The Ukrainian crisis, he argued, is the result of deliberate and systematic efforts by the West to break Ukraine away from Russia and pursue its wider goal of completely reconfiguring the former Soviet republics.
Patrushev went on to place the lion's share of the blame for the collapse of the Soviet Union on the U.S., rather than on internal causes. He said that the West's main Russophobe, former U.S. National Security Adviser Zbigniew Brzezinski — whom, Patrushev emphasized, was of Polish descent — in the 1970s formulated and substantiated the strategy of achieving the Soviet collapse by attacking its most "vulnerable" area: the economy.
According to this theory, the West delivered its crippling blow by bringing down oil prices in the 1980s and enlisting the International Monetary Fund and the World Bank as co-conspirators to help organize the bankruptcy and collapse of the Soviet Union. It was a kind of "economic Cold War" that proved remarkably effective, he said.
And then, Patrushev claimed without explaining why, the U.S. deliberately destroyed Yugoslavia and provoked a bloody civil war there.
He went on to argue that the U.S. wanted to seize control of the raw materials of the Black Sea, the Caucasus and the Caspian Sea, but that only a nuclear-equipped Russia could thwart its plans. That was why U.S. strategists decided to achieve the collapse of the government and the "subsequent dismemberment of our country," Patrushev said.
He claimed that the West was also behind the Chechen conflict and that Georgia's attack against South Ossetia in 2008 was nothing short of an anti-Russia venture by Washington. Now, he says, following Crimea and Donetsk, U.S. policy toward Russia once again resembles that of the Cold War.
He said that the West's economic sanctions are an attempt by the West to repeat the successful "economic Cold War" scenario that led to the collapse of the Soviet Union. The goal is the same this time — namely, to destroy Russia and seize its natural resources and territory.
According to this theory, the West tries to interfere in Russia's internal affairs in order to destabilize the government while the political opposition and nongovernmental organizations work to achieve the country's collapse.
For example, Sergei Ivanov said the September Peace March in Moscow "was carried out with obvious external support and was intended to split society." That statement coincided with yet another attempt by the Justice Ministry to shut down the Memorial human rights organization.

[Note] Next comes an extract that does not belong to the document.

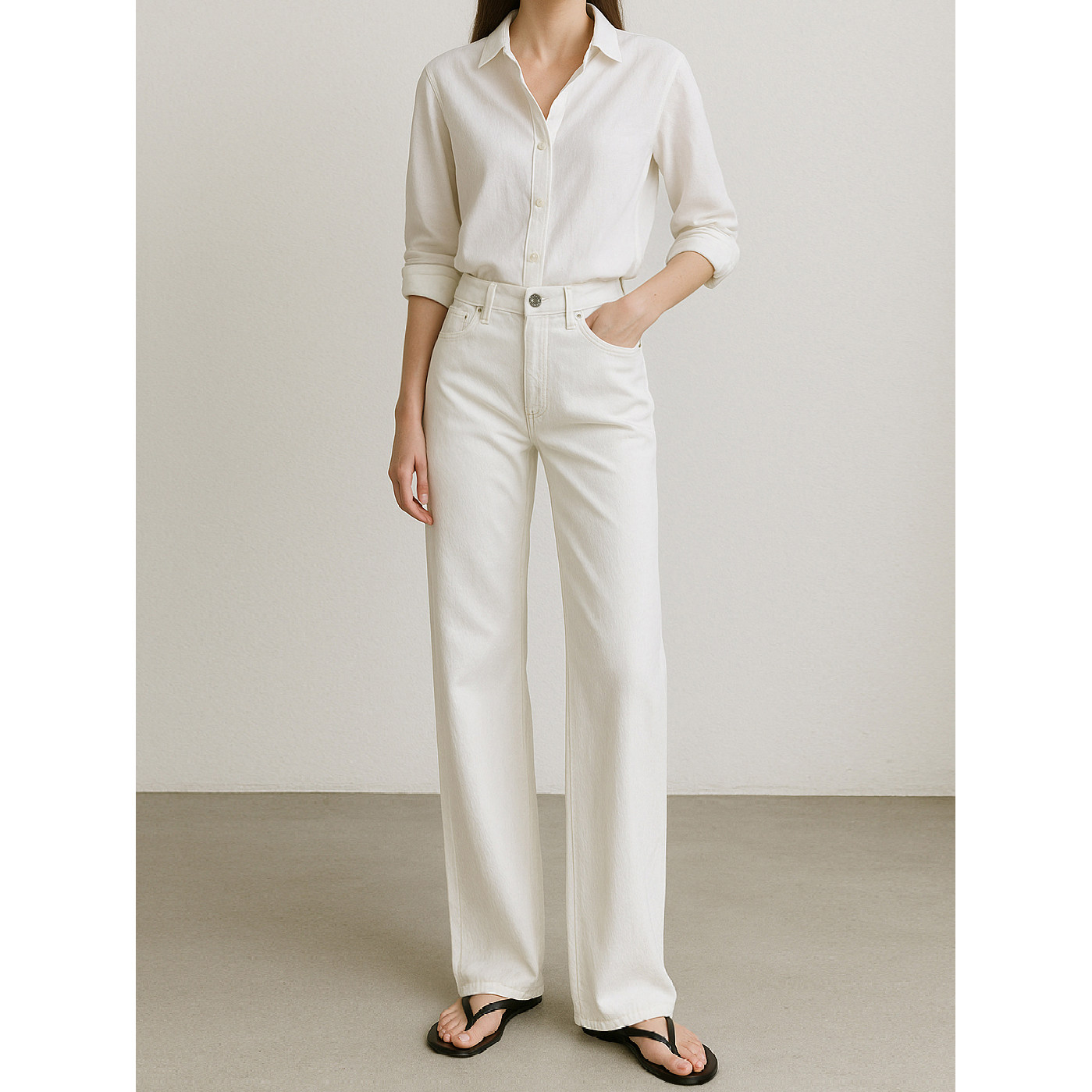 森柔牛仔|森马阔腿牛仔裤女2025秋冬白色牛仔裤简约女士高腰裤子
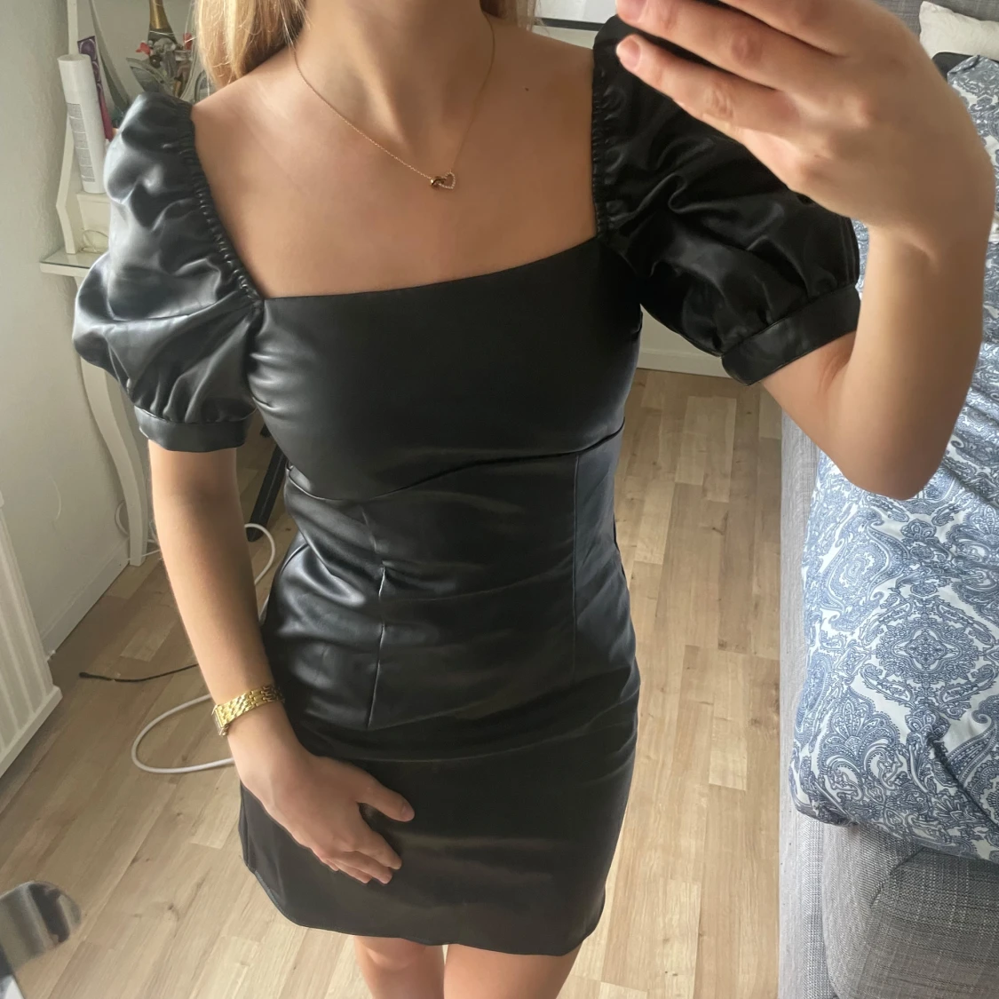 Säljer en svart kort klänning med fyrkantig urringning och puffiga kortärmar. Klänningen har snygg snörning i ryggen som ger en unik detalj. Perfekt för dig som vill sticka ut med en trendig look.

That is the picture of the world in the minds of Russia's ruling siloviki, and after 15 years of daily brainwashing, they have managed to instill this paranoid view into the minds of Russia's citizens. According to the Levada Center pollster, only 13 percent of respondents in 1990 believed that Russia was surrounded by enemies. Today that number stands at 78 percent. Civilian politicians look at the world and see friends or potential allies, but siloviki politicians see only enemies or potential enemies everywhere.
Russian leaders have decisively made national security and defense their top priorities, pushing the previous goals of development and modernization into the background. They are rapidly increasing spending on the military and police while cutting budgets for health care and education.
If the country's leaders believe that Russia is a besieged fortress, they will behave as if they are surrounded by enemies. Their objective: to fend off the external enemy and identify and eliminate all enemies within Russia's borders. They will cut and economize wherever necessary in order to maintain that posture as long as possible. And obviously, any talk of development is now completely out of the question.
Vladimir Ryzhkov, a State Duma deputy from 1993 to 2007, is a political analyst.